Histone Deacetylase 6 Brain PET in Amyotrophic Lateral Sclerosis-Frontotemporal Spectrum Disorder.

OBJECTIVE

[F]EKZ-001 is a positron emission tomography (PET) tracer targeting histone deacetylase 6 (HDAC6), an enzyme responsible for intracellular transport and clearance of misfolded proteins. HDAC6 modulation is a promising treatment strategy in neurodegenerative disorders, including amyotrophic lateral sclerosis (ALS). Apart from motor symptoms, people with ALS (pwALS) can show a variable degree of cognitive impairment as part of the ALS-frontotemporal spectrum disorder (ALS-FTSD). This work assessed [F]EKZ-001 binding in pwALS with variable involvement of FTSD.

METHODS

Twenty-four pwALS (13M/11F, 61 ± 10 years) and 12 healthy controls (HC) (6M/6F, 58 ± 3 years) were included. Thirteen pwALS were cognitively normal (ALS-CN), and eleven pwALS presented with FTSD (ALS-FTSD) ranging from mild cognitive or behavioral impairment to FTD, according to their performance on the Edinburgh cognitive and behavioral ALS screen (ECAS).
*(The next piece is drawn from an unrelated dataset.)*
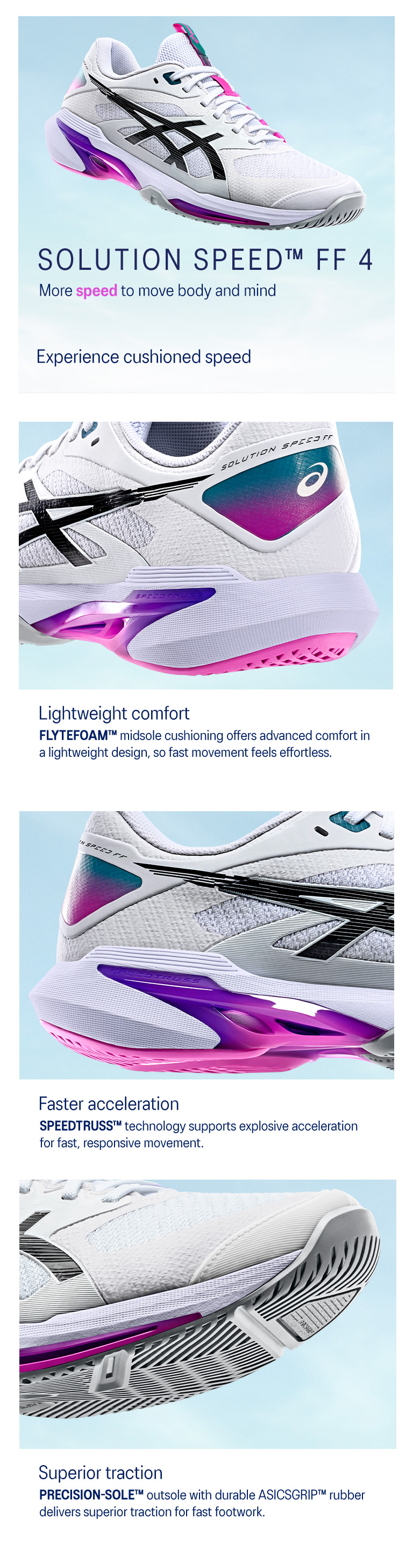 The SOLUTION SPEED™ FF 4 shoe is a fusion of speed and quickness. It's engineered to elevate your performance with advanced features focused on supporting fast and dynamic motions.

All subjects underwent dynamic PET-MR imaging with arterial sampling, and regional distribution volumes (V) were calculated using a Logan graphical analysis.

RESULTS

[F]EKZ-001 V was significantly lower in pwALS compared to HC. For ALS-CN, the largest reduction was found in the brainstem. For ALS-FTSD, reductions were more widespread in both gray and white matter. No differences in V were found between pwALS with and without a C9orf72 mutation. [F]EKZ-001 V was not correlated with ECAS scores, age, or disease duration.

INTERPRETATION

[F]EKZ-001 binding is lower throughout the brain in pwALS compared to HC. This may be related to a compensatory mechanism to repair intracellular transport defects in ALS or to reduced HDAC6 enzyme availability for [F]EKZ-001 binding due to sequestration of HDAC6 within protein aggregates.